The first sort expression is always translated into OrderBy or OrderByDescending; subsequent ones always become ThenBy or ThenByDescending. It makes no difference whether you explicitly specify "ascending" or not - I've very rarely seen it in real queries. Here's an example putting it all together:

// Query
from x in people
orderby x.Age, x.FirstName descending, x.LastName ascending
select x.LastName

// Translation
people.OrderBy(x => x.Age)
      .ThenByDescending(x => x.FirstName)
      .ThenBy(x => x.LastName)
      .Select(x => x.LastName)

Top tip: don't use multiple "orderby" clauses consecutively. This query is almost certainly not what you want:

// Don't do this!
from x in people 
orderby x.Age
orderby x.FirstName
select x.LastName

That will end up sorting by FirstName and then Age, and doing so rather slowly as it has to sort twice.

The "group by" clause

Grouping is another alternative to "select" as the final clause in a query. There are two expressions involved: the element selector (what you want to get in each group) and the key selector (how you want the groups to be organized). Unsurprisingly, this uses the GroupBy operator. So you might have a query to group people in families by their last name, with each group containing the first names of the family members:

// Query expression
from x in people 
group x.FirstName by x.LastName

// Translation
people.GroupBy(x => x.LastName, x => x.FirstName)

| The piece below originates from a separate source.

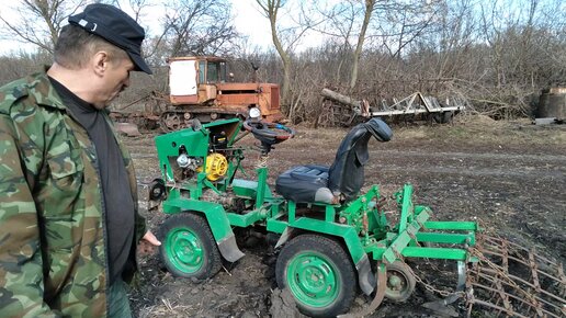 Закрытие влаги мелким культиватором на самодельном мини тракторе

If the element selector is trivial, it isn't specified as part of the translation:

// Query expression
from x in people 
group x by x.LastName

// Translation
people.GroupBy(x => x.LastName)

Query continuations

Both "select" and "group by" can be followed by "into identifier". This is known as a query continuation, and it's really simple. Its translation in the specification isn't in terms of a method call, but instead it transforms one query expression into another, effectively nesting one query as the source of another. I find that translation tricky to think about, personally... I prefer to think of it as using a temporary variable, like this:

// Original query
var query = from x in people
            select x.Name into y
            orderby y.Length
            select y[0];

// Query continuation translation
var tmp = from x in people
          select x.Name;

var query = from y in tmp
            orderby y.Length
            select y[0];

// Final translation into methods
var query = people.Select(x => x.Name)
                  .OrderBy(y => y.Length)
                  .Select(y => y[0]);

Obviously that final translation could have been expressed in terms of two statements as well... they'd be equivalent. This is why it's important that LINQ uses deferred execution - you can split up a query as much as you like, and it won't alter the execution flow. The query wouldn't actually execute when the value is assigned to "tmp" - it's just preparing the query for execution.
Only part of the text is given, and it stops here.